## Dataset content
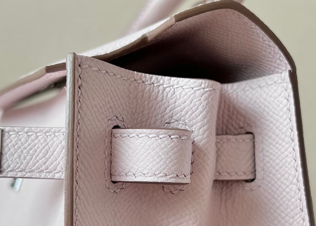 Includes lock, two keys, clochette, clochette dust bag, ribbon, care booklet, raincoat, felt protector, dust bag, and box
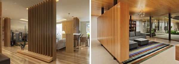 Но деревянные переборки не только имеют функциональное предназначение, но и помогают создать интересную обстановку в жилом помещении. Оригинальные идеи дизайнеров можно воплотить у себя дома.
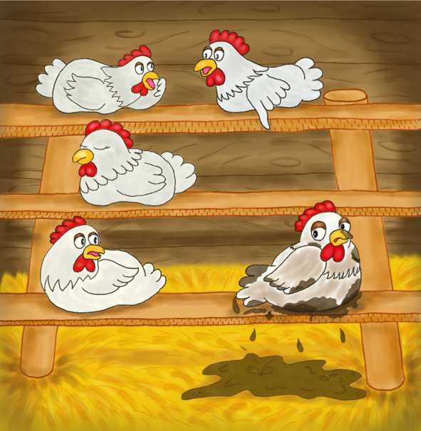На следующий деньСобрался двор,Чтоб в новый часКуриный выслушать рассказ.Та села, сделав важный вид,И говорит:– За гранью нашего двораНет никаких красот!И горных нет высот!Есть только грязьИ сорная трава —Забудьте путь туда:Здесь лучше вам остатьсяНавсегда!
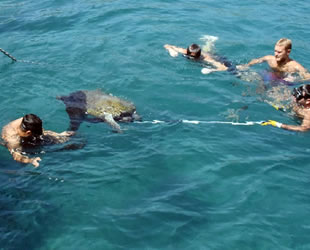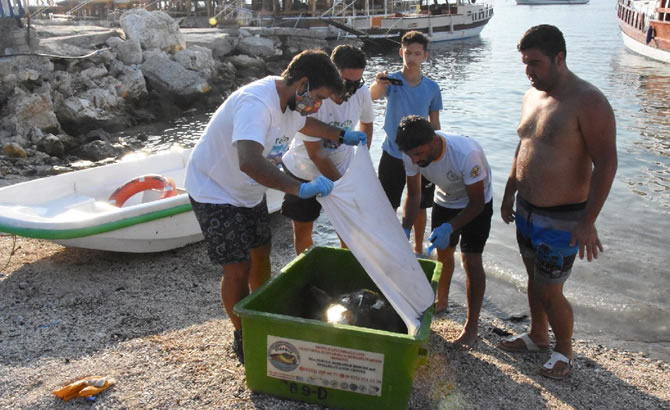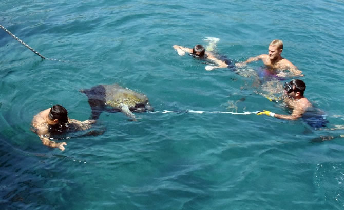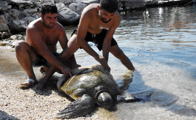Bir ağa bağlanan yaralı kaplumbağa, kıyıya yaklaştırıldı ancak ağı yırtarak, tekrar su altına kaçtı. Bu kez, tekrar denize giren grup, kaplumbağayı yeniden ağlarla bağladı. 2 kişi kaplumbağaya destek vererek, küçük bir tekneyle 3 saat süren uğraş sonunda kıyıya getirdi. Bu arada, Çevre ve Şehircilik Bakanlığı Doğa Koruma ve Milli Parklar Müdürlüğü’ne bağlı Muğla’daki Deniz Kaplumbağaları Araştırma Kurtarma ve Rehabilitasyon Merkezi'ne (DEKAMER) de haber verildi.

## Task description
Except for the pictures, please retype the listing above exactly.

## Output of the task
 Includes lock, two keys, clochette, clochette dust bag, ribbon, care booklet, raincoat, felt protector, dust bag, and box
 Но деревянные переборки не только имеют функциональное предназначение, но и помогают создать интересную обстановку в жилом помещении. Оригинальные идеи дизайнеров можно воплотить у себя дома.
На следующий деньСобрался двор,Чтоб в новый часКуриный выслушать рассказ.Та села, сделав важный вид,И говорит:– За гранью нашего двораНет никаких красот!И горных нет высот!Есть только грязьИ сорная трава —Забудьте путь туда:Здесь лучше вам остатьсяНавсегда!
Bir ağa bağlanan yaralı kaplumbağa, kıyıya yaklaştırıldı ancak ağı yırtarak, tekrar su altına kaçtı. Bu kez, tekrar denize giren grup, kaplumbağayı yeniden ağlarla bağladı. 2 kişi kaplumbağaya destek vererek, küçük bir tekneyle 3 saat süren uğraş sonunda kıyıya getirdi. Bu arada, Çevre ve Şehircilik Bakanlığı Doğa Koruma ve Milli Parklar Müdürlüğü’ne bağlı Muğla’daki Deniz Kaplumbağaları Araştırma Kurtarma ve Rehabilitasyon Merkezi'ne (DEKAMER) de haber verildi.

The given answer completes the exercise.